Oprócz diety podstawowej europoseł dostaje także pieniądze na prowadzenie biura, wypłaty dla asystentów i współpracowników, przeloty itd. Są to zazwyczaj wydatki niezbędne do prawidłowego funkcjonowania indywidualnego zaplecza poselskiego. Tzw. dniówka i dodatki do kosztów podroży są naliczane ryczałtowo. Koszty personalne i wydatki materialne stanowią natomiast część składową wydatków przeznaczonych tylko i wyłącznie na prowadzenie biura.

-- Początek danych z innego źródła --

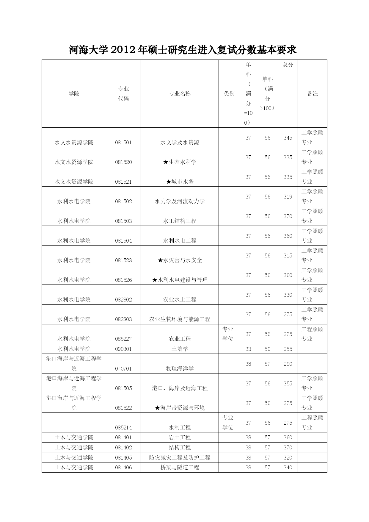 河海大学2012年硕士研究生进入复试分数基本要求学院专业代码专业名称类别单科(满分=100)单科(满分>100)总分备注水文水资源学院081501水文学及水资源3756345工学照顾专业水文水资源学院081520★生态水利学3756335工学照顾专业水文水资源学院081521★城市水务3756335工学照顾专业水利水电学院081502水力学及河流动力学3756319工学照顾专业水利水电学院081503水工结构工程3756370工学照顾专业水利水电学院081504水利水电工程3756360工学照顾专业水利水
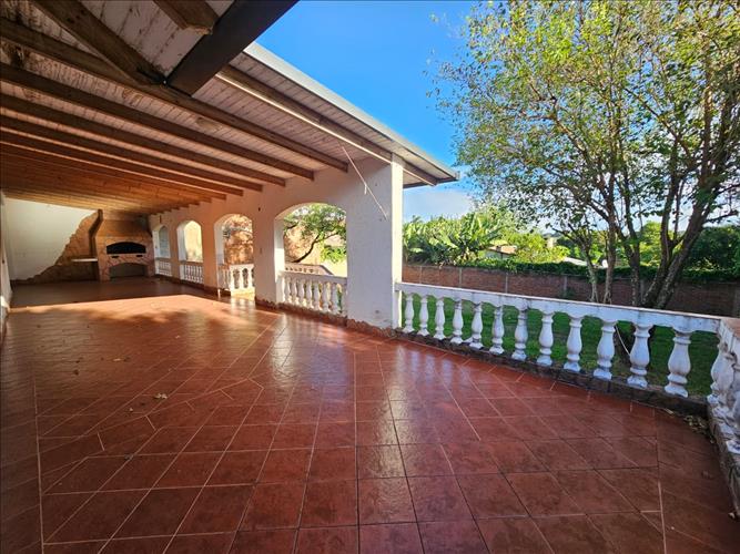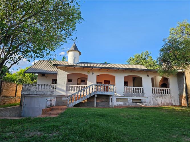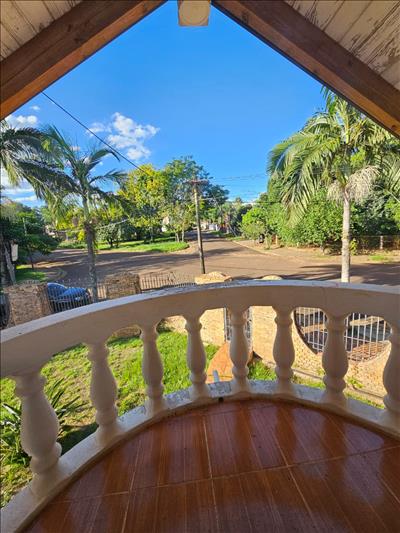 Ubicado a 2 cuadras de la Plaza colon, esquina, Amplio patio que rodea la propiedad, con cochera para 3 vehículos, galería al frente y atrás con parrilla, cocina con cocina anafe, alacena y bajo mesada, comedor-Living con muebles de madera, un baño de servicio y uno en suite en el dormitorio principal, cuenta con 3 dormitorios, en dos de ellos con aire acondicionado, un cobertizo en en piso superior con baño y balcón que se podría usar como un dormitorio mas.
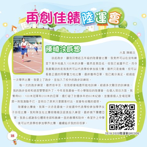 我的跑步技術和速度雙雙提升了。今年是我最後一年小學階段的陸運會,在個人項目方面,我
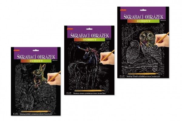Škrabací obrázek duhový A4 23x32cm 3 druhy
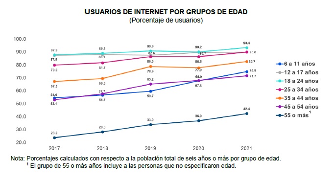 Datos a nivel de la población mundial establecen que el 32,1 % no utiliza internet (Internet World Stats, 2023); específicamente en México, menos del 50 % de adultos en edades de 55 años o más no hacen uso de esta herramienta. Cabe mencionar que a mayor edad menor posibilidad o interés por utilizarla (Instituto Nacional de Estadística y Geografía, 2022). Cifras publicadas por esta institución revelan que «el menor uso de internet se registró en las personas de 55 y más años, con una participación de 42,4 por ciento» (Instituto Nacional de Estadística y Geografía, 2022).
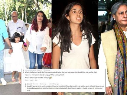 एकाने बच्चन कुटुंबियांबाबत विचारले असता त्यांनी सांगितले. जया बच्चन या काहीशा गोंधळलेल्या असतात. अभिषेक बच्चन चांगला आहे. ऐश्वर्या खूपच कमी बोलत असली तरी ती मनाने चांगली आहे. नव्या नवेलीला नेहमीच सिक्युरीटी हवी असते. मी कोण आहे हे माहीत आहे का अशाप्रकारची तिची वागणूक असते.
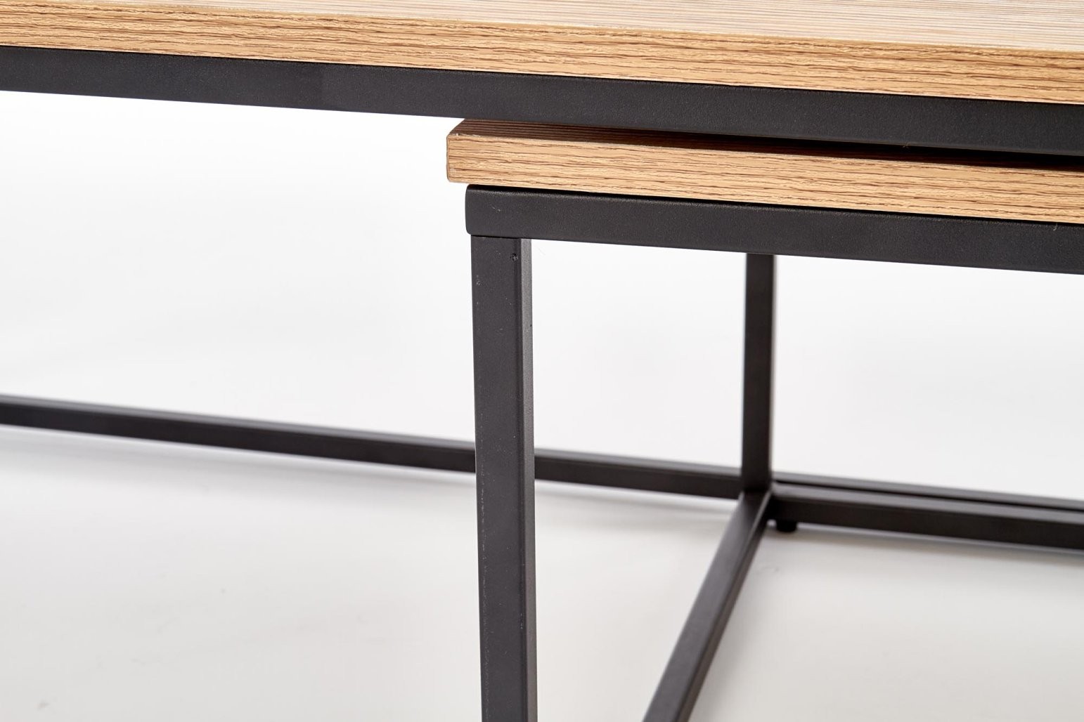 Klubska mizica Joren ima črn kovinski okvir in MDF ploščo v barvi zlatega hrasta. Pravokotna oblika dodaja funkcionalnost in pridih modernosti v različne prostore.
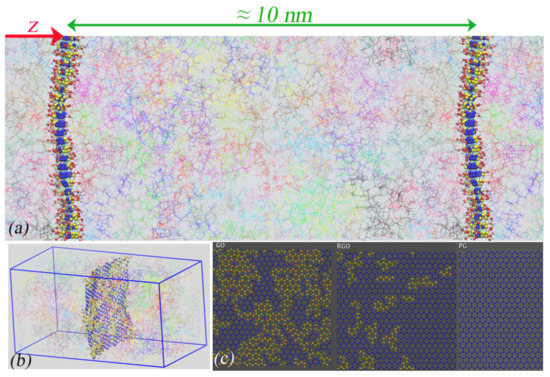 Atomistic molecular dynamics (MD) simulations have been carried out on unentangled stereoregular (i-PMMA, s-PMMA) and atactic (a-PMMA) melts confined between PG, RGO, or GO surfaces. The PMMA chains contain 20 chemical repeat units ( ≈ 1 nm). The simulation box dimensions are approximately nm along x, y, and z directions, respectively. A single, periodic, and flexible PG, RGO, or GO sheet was placed in the simulation box, parallel to the plane, and periodic boundary conditions were applied along all directions. The periodic boundary conditions make the model geometry as a multi-layered film containing alternating ≈10 nm thick layers of PMMA confined between infinite sheets. The degree of the confinement of the model chains in the model geometry is rather moderate: , where D is the film thickness. The numbers of basal carbon atoms of the model PG, RGO, and GO sheets are equal; however, because of the presence of the functional groups, RGO and GO are heavier than PG. The weight fractions of PG, RGO, and GO in the model systems are , , and wt %, respectively; also their estimated volume fractions are , , and vol %, respectively. Snapshots of the simulation box and the model nanosheets are provided in Figure 1.

Ponieważ eurodeputowani praktycznie nieustannie przemieszczają się pomiędzy Strasburgiem, Brukselą a swoimi okręgami wyborczymi zrozumiałe jest, iż PE refunduje im znaczną część wydatków poniesionych w związku z takim trybem pracy.
Tzw. dniówki służą pokryciu kosztów związanych z życiem poza granicami własnego kraju, a więc opłatami za dodatkowe mieszkanie, pokoje hotelowe, komunikację miejską itp. Ryczałtowo naliczane wydatki personalne wystarczają natomiast przeciętnie na zatrudnienie dwóch asystentów, praktykanta i ewentualnie dodatkowego eksperta. Dodatki do wydatków rzeczowych przeznaczane są z kolei na wyposażenie biur w okręgach wyborczych, utrzymywanie elektronicznych baz danych, opłaty pocztowe i telefoniczne, zakup gazet i literatury fachowej, kupno materiałów biurowych i okazjonalnych upominków, druk ulotek i zamieszczanie ogłoszeń.
Oprócz uposażenia podstawowego i pieniędzy na prowadzenie biura europosłowie mogą otrzymywać także niewielkie kwoty od frakcji w Parlamencie Europejskim, do której przynależą.
Reasumując można stwierdzić, iż Parlament Europejski to labirynt bynajmniej nie tylko architektoniczny. Wysokość diet poselskich i ich składowych jest dość symboliczna i symptomatyczna dla nie zawsze godnej pochwały różnorodności w Unii Europejskiej.